▶ [Information shown]
# # # # #
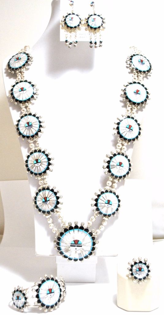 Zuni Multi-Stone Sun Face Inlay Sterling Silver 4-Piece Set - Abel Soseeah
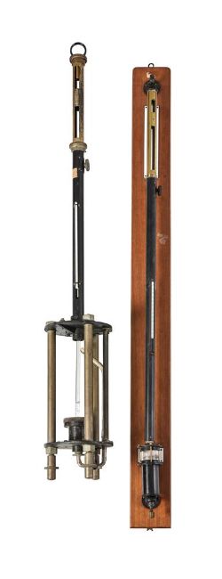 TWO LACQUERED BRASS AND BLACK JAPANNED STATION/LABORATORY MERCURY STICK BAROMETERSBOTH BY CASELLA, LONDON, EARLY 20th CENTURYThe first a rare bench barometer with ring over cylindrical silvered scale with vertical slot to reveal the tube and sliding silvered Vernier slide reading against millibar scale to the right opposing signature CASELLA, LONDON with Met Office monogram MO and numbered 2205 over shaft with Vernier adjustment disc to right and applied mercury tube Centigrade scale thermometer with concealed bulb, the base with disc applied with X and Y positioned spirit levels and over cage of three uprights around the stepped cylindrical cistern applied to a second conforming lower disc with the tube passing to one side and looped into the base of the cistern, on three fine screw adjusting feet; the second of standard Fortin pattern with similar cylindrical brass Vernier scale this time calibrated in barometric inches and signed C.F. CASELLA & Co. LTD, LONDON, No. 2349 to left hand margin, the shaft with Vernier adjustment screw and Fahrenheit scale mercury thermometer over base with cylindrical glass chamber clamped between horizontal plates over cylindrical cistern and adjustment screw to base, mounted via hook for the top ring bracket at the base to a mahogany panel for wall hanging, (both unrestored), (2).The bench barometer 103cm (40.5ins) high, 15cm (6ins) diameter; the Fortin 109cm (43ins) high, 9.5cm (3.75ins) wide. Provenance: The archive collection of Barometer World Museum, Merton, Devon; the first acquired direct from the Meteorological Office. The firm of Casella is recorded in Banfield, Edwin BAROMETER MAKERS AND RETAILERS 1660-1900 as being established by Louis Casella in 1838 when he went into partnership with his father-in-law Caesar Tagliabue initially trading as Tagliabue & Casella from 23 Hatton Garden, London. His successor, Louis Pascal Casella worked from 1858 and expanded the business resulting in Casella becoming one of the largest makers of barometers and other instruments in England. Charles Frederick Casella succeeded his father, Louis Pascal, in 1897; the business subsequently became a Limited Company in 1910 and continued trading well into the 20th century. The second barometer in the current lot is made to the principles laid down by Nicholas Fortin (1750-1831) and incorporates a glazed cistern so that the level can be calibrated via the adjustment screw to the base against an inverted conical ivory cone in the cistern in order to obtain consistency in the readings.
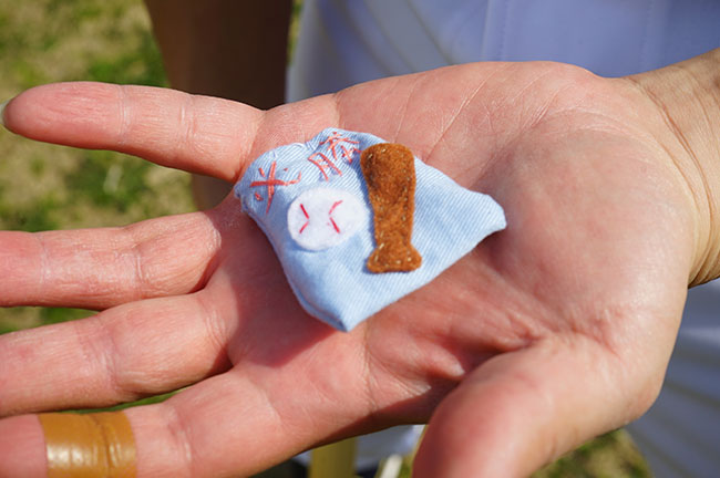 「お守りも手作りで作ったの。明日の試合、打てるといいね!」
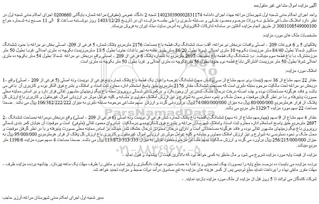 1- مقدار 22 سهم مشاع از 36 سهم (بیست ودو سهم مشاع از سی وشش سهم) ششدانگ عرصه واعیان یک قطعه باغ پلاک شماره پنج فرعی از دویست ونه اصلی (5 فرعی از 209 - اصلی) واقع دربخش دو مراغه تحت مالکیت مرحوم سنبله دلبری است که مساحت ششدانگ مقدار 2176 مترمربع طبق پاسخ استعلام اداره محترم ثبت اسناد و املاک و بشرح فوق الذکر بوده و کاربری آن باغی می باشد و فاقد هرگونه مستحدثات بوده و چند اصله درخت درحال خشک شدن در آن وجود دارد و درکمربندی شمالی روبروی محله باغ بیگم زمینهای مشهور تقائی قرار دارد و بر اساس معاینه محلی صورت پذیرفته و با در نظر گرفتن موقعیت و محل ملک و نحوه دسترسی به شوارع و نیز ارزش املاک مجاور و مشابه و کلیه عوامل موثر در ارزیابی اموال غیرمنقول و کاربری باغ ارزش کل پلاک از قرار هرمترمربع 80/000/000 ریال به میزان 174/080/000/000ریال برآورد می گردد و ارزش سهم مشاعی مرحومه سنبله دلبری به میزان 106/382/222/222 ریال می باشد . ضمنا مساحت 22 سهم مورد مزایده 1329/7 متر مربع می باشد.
# # # # #
Copy the data exactly. Pictures do not belong in the copy.

 Zuni Multi-Stone Sun Face Inlay Sterling Silver 4-Piece Set - Abel Soseeah
 TWO LACQUERED BRASS AND BLACK JAPANNED STATION/LABORATORY MERCURY STICK BAROMETERSBOTH BY CASELLA, LONDON, EARLY 20th CENTURYThe first a rare bench barometer with ring over cylindrical silvered scale with vertical slot to reveal the tube and sliding silvered Vernier slide reading against millibar scale to the right opposing signature CASELLA, LONDON with Met Office monogram MO and numbered 2205 over shaft with Vernier adjustment disc to right and applied mercury tube Centigrade scale thermometer with concealed bulb, the base with disc applied with X and Y positioned spirit levels and over cage of three uprights around the stepped cylindrical cistern applied to a second conforming lower disc with the tube passing to one side and looped into the base of the cistern, on three fine screw adjusting feet; the second of standard Fortin pattern with similar cylindrical brass Vernier scale this time calibrated in barometric inches and signed C.F. CASELLA & Co. LTD, LONDON, No. 2349 to left hand margin, the shaft with Vernier adjustment screw and Fahrenheit scale mercury thermometer over base with cylindrical glass chamber clamped between horizontal plates over cylindrical cistern and adjustment screw to base, mounted via hook for the top ring bracket at the base to a mahogany panel for wall hanging, (both unrestored), (2).The bench barometer 103cm (40.5ins) high, 15cm (6ins) diameter; the Fortin 109cm (43ins) high, 9.5cm (3.75ins) wide. Provenance: The archive collection of Barometer World Museum, Merton, Devon; the first acquired direct from the Meteorological Office. The firm of Casella is recorded in Banfield, Edwin BAROMETER MAKERS AND RETAILERS 1660-1900 as being established by Louis Casella in 1838 when he went into partnership with his father-in-law Caesar Tagliabue initially trading as Tagliabue & Casella from 23 Hatton Garden, London. His successor, Louis Pascal Casella worked from 1858 and expanded the business resulting in Casella becoming one of the largest makers of barometers and other instruments in England. Charles Frederick Casella succeeded his father, Louis Pascal, in 1897; the business subsequently became a Limited Company in 1910 and continued trading well into the 20th century. The second barometer in the current lot is made to the principles laid down by Nicholas Fortin (1750-1831) and incorporates a glazed cistern so that the level can be calibrated via the adjustment screw to the base against an inverted conical ivory cone in the cistern in order to obtain consistency in the readings.
 「お守りも手作りで作ったの。明日の試合、打てるといいね!」
 1- مقدار 22 سهم مشاع از 36 سهم (بیست ودو سهم مشاع از سی وشش سهم) ششدانگ عرصه واعیان یک قطعه باغ پلاک شماره پنج فرعی از دویست ونه اصلی (5 فرعی از 209 - اصلی) واقع دربخش دو مراغه تحت مالکیت مرحوم سنبله دلبری است که مساحت ششدانگ مقدار 2176 مترمربع طبق پاسخ استعلام اداره محترم ثبت اسناد و املاک و بشرح فوق الذکر بوده و کاربری آن باغی می باشد و فاقد هرگونه مستحدثات بوده و چند اصله درخت درحال خشک شدن در آن وجود دارد و درکمربندی شمالی روبروی محله باغ بیگم زمینهای مشهور تقائی قرار دارد و بر اساس معاینه محلی صورت پذیرفته و با در نظر گرفتن موقعیت و محل ملک و نحوه دسترسی به شوارع و نیز ارزش املاک مجاور و مشابه و کلیه عوامل موثر در ارزیابی اموال غیرمنقول و کاربری باغ ارزش کل پلاک از قرار هرمترمربع 80/000/000 ریال به میزان 174/080/000/000ریال برآورد می گردد و ارزش سهم مشاعی مرحومه سنبله دلبری به میزان 106/382/222/222 ریال می باشد . ضمنا مساحت 22 سهم مورد مزایده 1329/7 متر مربع می باشد.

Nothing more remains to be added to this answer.